A construction site near the A10 has attracted Jörg’s attention.

“Sometimes it’s easier to take on the role of the outsider and examine the special qualities or exotic nature of a place.”

Ostkreuz was founded in 1990 based on the model of the Paris Magnum agency—meaning that it was founded by the photographers themselves. The current members are also the owners of the agency, which creates a strong connection and high degree of closeness among the group. Since joining them some eight years ago, Jörg has come refer to Ostkreuz as his second family—a privilege of which he is completely conscious. Despite the variation in their images, the photographers are united in the attempt to provide a candid and human view of the world. A different description of the common principle provides the concept for author photography: a concept which interprets the photographer as a writer who chooses topics and implementation himself. For Jörg, it’s all about “sympathetic closeness and critical distance” when addressing things thematically, and “a balance between confidence and self-doubt” for his self-perception in an inseparable connection to his own experiences.

When Jörg talks about his excursions up and down the autobahn, it seems as if there was something there that he even has to explain to himself. “The autobahn is actually a very democratic place. Pretty much everyone in this country uses it. At the same time, the autobahn is also an incredibly impersonal place. Everyone is separated into their own space; even at the rest stops, there’s hardly any interaction.” For him, it’s possibly a the question of what the country he’s examining means to him. The autobahn is of course a German cliché—the land of export champions and German car brands, Kraftwerk and no speed limit—a series of associations. But about the people living in this country, and how they feel, the autobahn seems to reveal so little.
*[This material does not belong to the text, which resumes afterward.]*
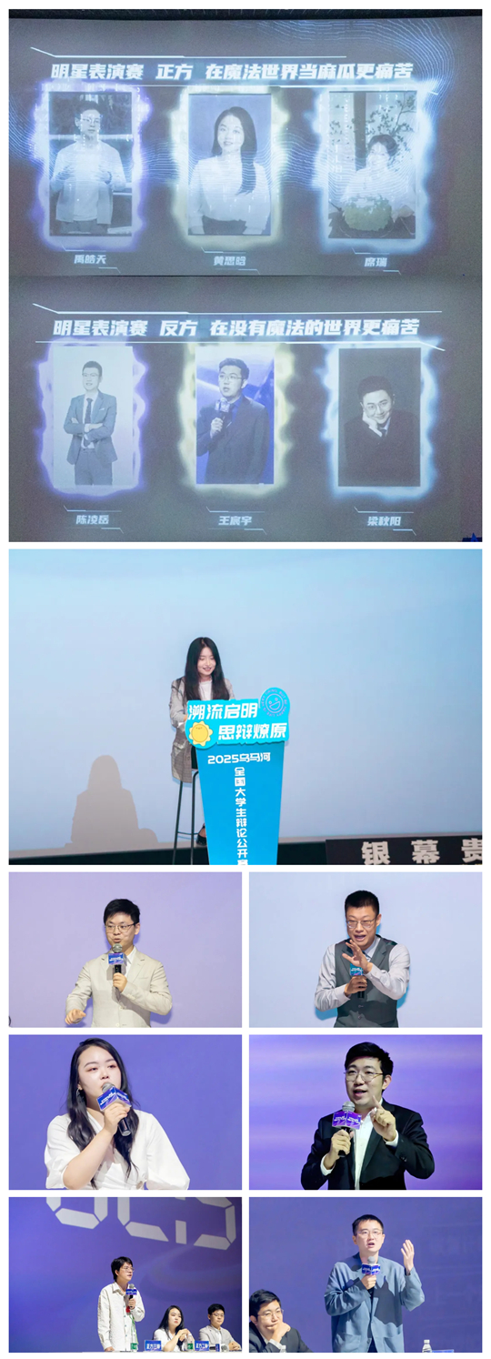 “魔法”與“現實”的思辨狂歡!備受期待的明星表演賽燃爆賽事頒獎典禮現場。在辯論主席張琪清亮的主持聲中,全場燈光聚焦舞臺中央——席瑞、禹皓天、黃思晗三位從容地組成正方陣營;而陳凌岳、王宸宇、梁秋陽則以沉穩的姿態落座反方。當辯論主席念出 “在魔法世界當麻瓜更痛苦/在沒有魔法的世界更痛苦” 這一充滿奇幻色彩又暗藏現實隱喻的辯題時,臺下700余名觀眾瞬間屏息,這場提前憑借“神仙陣容 + 趣味辯題”鎖定超高關注度的思想盛宴,讓全場觀眾沉浸于這40分鐘的“思維過山車”中,忘卻了時間流逝,只余下心跳與辯手的話語同頻共振。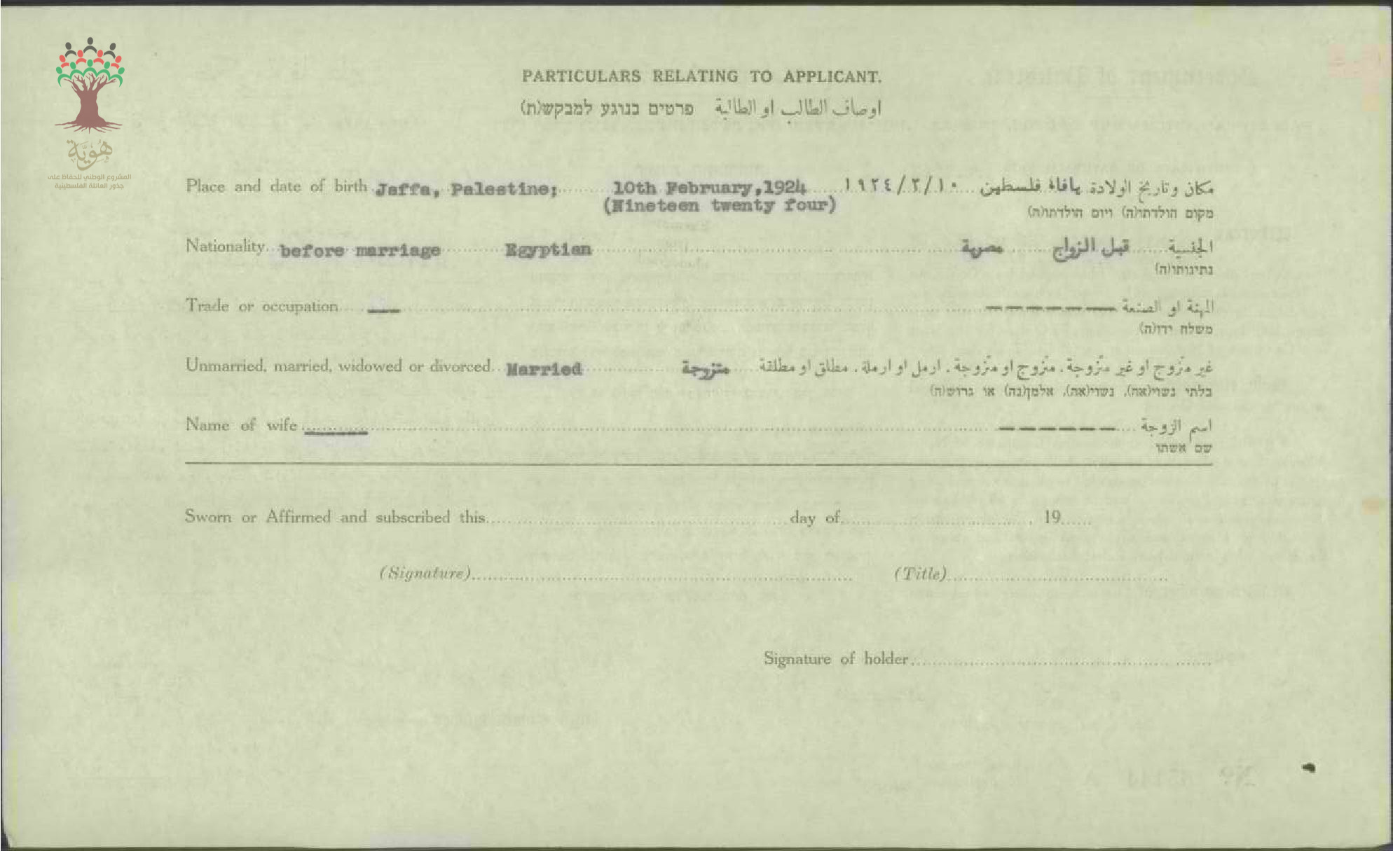شهادة الجنسية الفلسطينية ل صبحية عبد العال أبو الجبين

Maybe it’s worth taking a closer look.

For someone who has traveled a lot in recent years and who has photographed almost more in foreign countries than in his own, taking on a topic like the German autobahn is a change of viewpoint. “Sometimes it’s easier to take on the role of the outsider and examine the special qualities or exotic nature of a place,” Jörg explains as he reflects on his earlier work. “But there’s not a lot that’s special about the autobahn.” And that’s certainly part of the challenge that photographers face: finding a new perspective on the things that surround them every day.